By Say Cheong //
December 24, 2020

Singtel is the biggest and oldest Telco in Singapore backed by Temasek Holdings. It has been considered a “blue chip” for decades due to its relatively stable dividends and finances.

However, times are rapidly changing with the disruption coming from newer entrants like Circles.Life and TPG etc.

On the flip side, Singtel has been awarded both the digital banking license and the 5G license too.

Hence, the question begets: is Singtel a good dividend stock at current prices? Let us do a quick examination of Singtel below.

#1 Profitability of Singtel

Singtel financials
Sourced from

Revenue has been stagnant/dipped slightly over the past 8 years – hovering around the $16-17 billion region. Net profit has been slowly increasing from 2016 to 2018, but however took a dip after that.

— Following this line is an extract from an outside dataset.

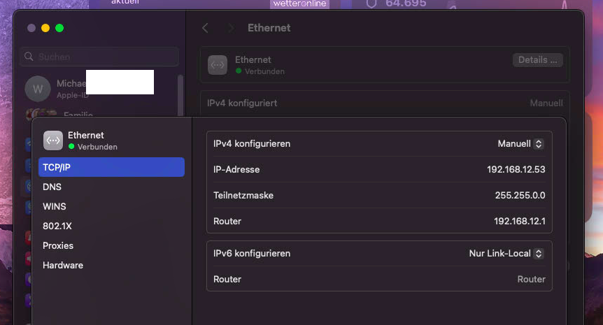 Ethernet hinter WLAN gestellt?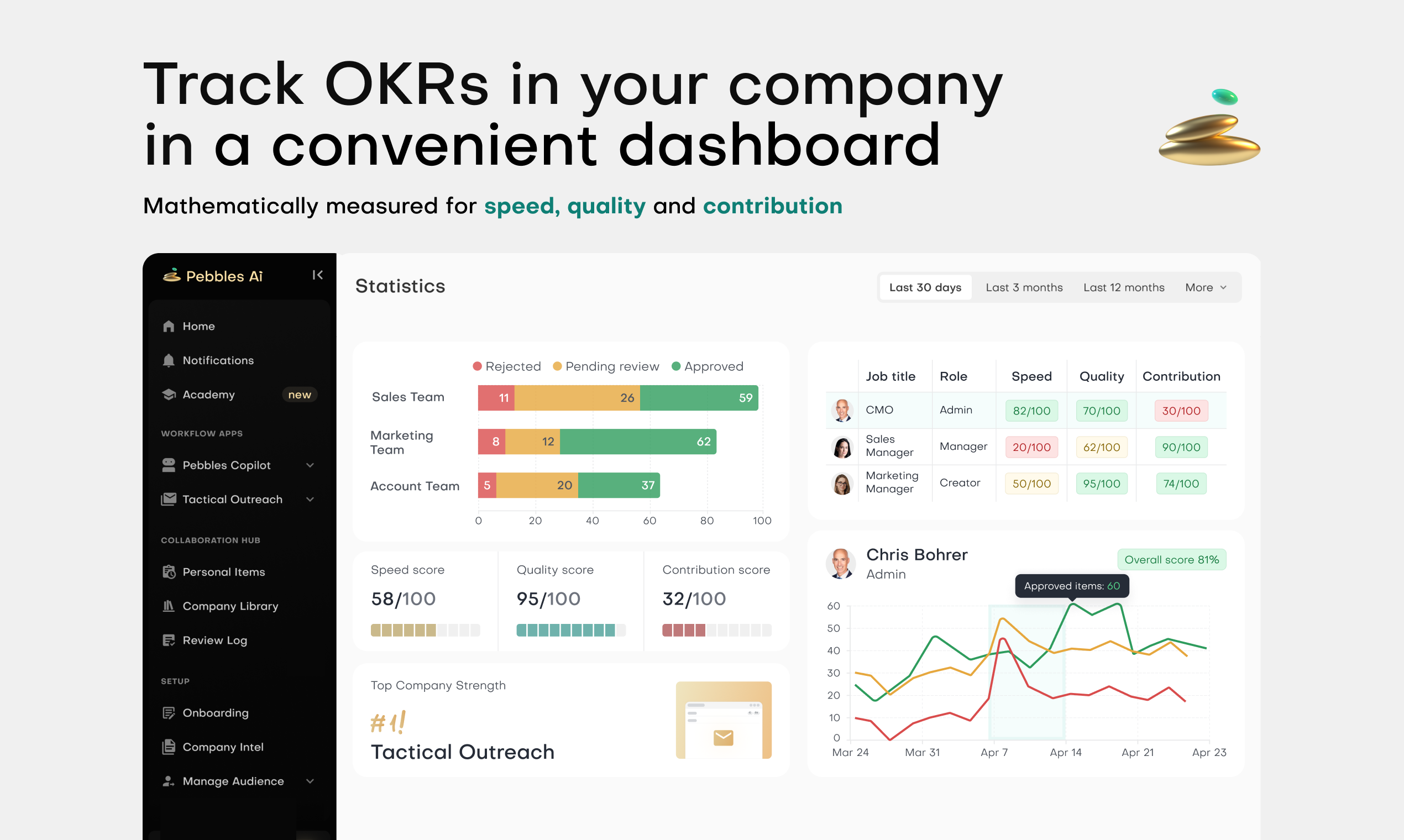 Pebbles Aiは、GTMOS™️とニューロシンボリックAIを核にした世界初のGo-to-Market OS。断片化したツールと仮説ベースの施策、採用サイクルの課題を統合ワークスペースで解消...

One important thing to note is that FY2018 profits received a boost due to the disposal of Netlink Trust at $2.03 billion.

Another crucial thing is that FY2020 was impacted by the fine of its subsidiary Bharti Airtel of $1.80 billion.

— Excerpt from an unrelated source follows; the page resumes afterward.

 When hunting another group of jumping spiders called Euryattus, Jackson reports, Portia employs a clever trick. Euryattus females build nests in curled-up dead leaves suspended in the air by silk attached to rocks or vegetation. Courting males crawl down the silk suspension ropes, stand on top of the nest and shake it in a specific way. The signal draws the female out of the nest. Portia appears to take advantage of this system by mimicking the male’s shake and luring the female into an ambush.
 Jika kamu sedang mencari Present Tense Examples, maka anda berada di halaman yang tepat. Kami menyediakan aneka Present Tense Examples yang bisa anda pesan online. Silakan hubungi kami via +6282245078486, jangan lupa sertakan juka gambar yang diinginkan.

If we were to nett off these transactions, it can be taken as if Singtel’s net profits have also remained pretty constant around $3 billion annually.

#2 Dividends and Earnings per share


Singtel dividends
Sourced from

One of the main reasons that investors love Singtel’s stock is its consistent dividends.

Up till FY2019, Singtel has been consistently paying out $0.175 per share while 2018 was a bumper year of $0.205 because of the disposal of Netlink.

That said, FY2020 dividends (green bar) took a hit due to the sharp dive in earnings per share (blue bar).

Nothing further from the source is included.